In Singh’s book this is what happened eight years ago when, over a short period, three young women, each hiking solo, vanished. They were unknown to each other, had nothing in common other than their youth and the fact that they were travelling alone. In the remote fishing community of Golden Cove rumours were squashed, people quick to cite the twin dangers of the green jungle inland, and the crumbling cliffs above the sea; no one, at least in public, pointed out that, where two might be coincidence, three such accidents gave pause for thought.

Eight years later, on the other side of the world a celebrated concert pianist, Anahera: Maori born, buries her cheating husband in London, is confronted by his pregnant mistress, and flies home to the family cabin in Golden Cove to lick her wounds.

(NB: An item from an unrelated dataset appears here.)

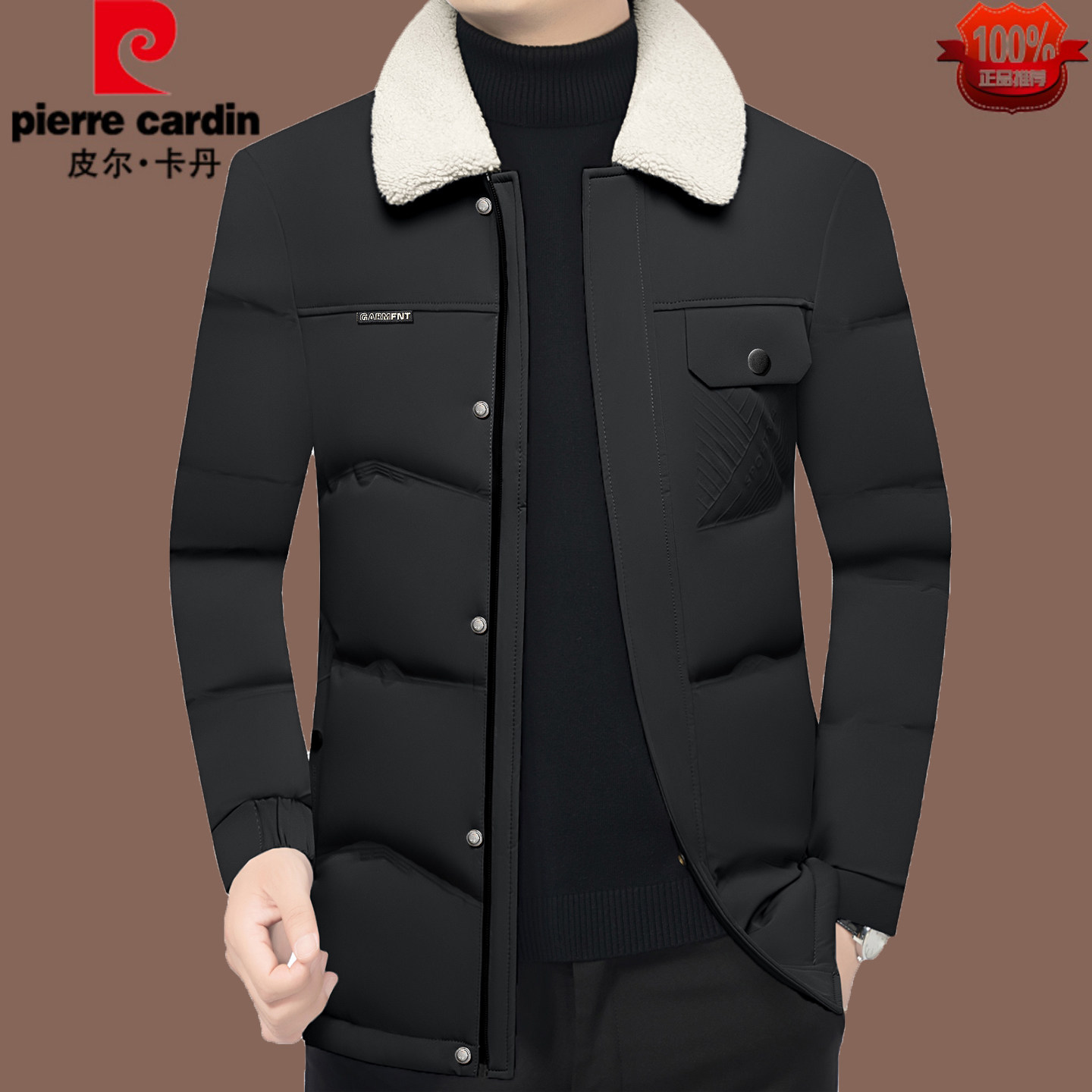 皮尔卡丹翻领羽绒服男中年冬季新款加厚保暖鹅绒羊毛领爸爸装外套

Straight away she meets the town’s one cop (with his own haunting past), and the most ravishing girl: the kind that has all the locals from sixteen to sixty in thrall.

Miriama is also Maori; in this town people and relationships are well mixed: European, Asian, native and colonial New Zealanders, some professionally successful, others striving. Miriama is about to take up a scholarship in photography. Basking in her own achievement, in the passionate devotion of the local doctor, loved by everyone, Miri appears to have the world at her feet when, without warning, she disappears.

In the protracted search that follows Anahera, the angry widow, and Will, the cop who carries a load of guilt, fall in love, meanwhile exposing the hidden secrets of the townsfolk, secrets which, in this febrile climate, are monopolized by sex. And now, after nearly a decade, Will, a stranger on the scene, and Anahera the cosmopolitan, introduce an objectivity that signals a new and unexpected danger. They start to consider a link between Miri’s disappearance and the fate of the three girls who vanished eight years ago. 

This is an old story: disappearance, investigation, explanation and resolution. Originality should lie in the primeval setting and an ethnic mix of characters but both environment and people come over flat and colourless; the reader is virtually overwhelmed by the incessant rain and in reality by too many words.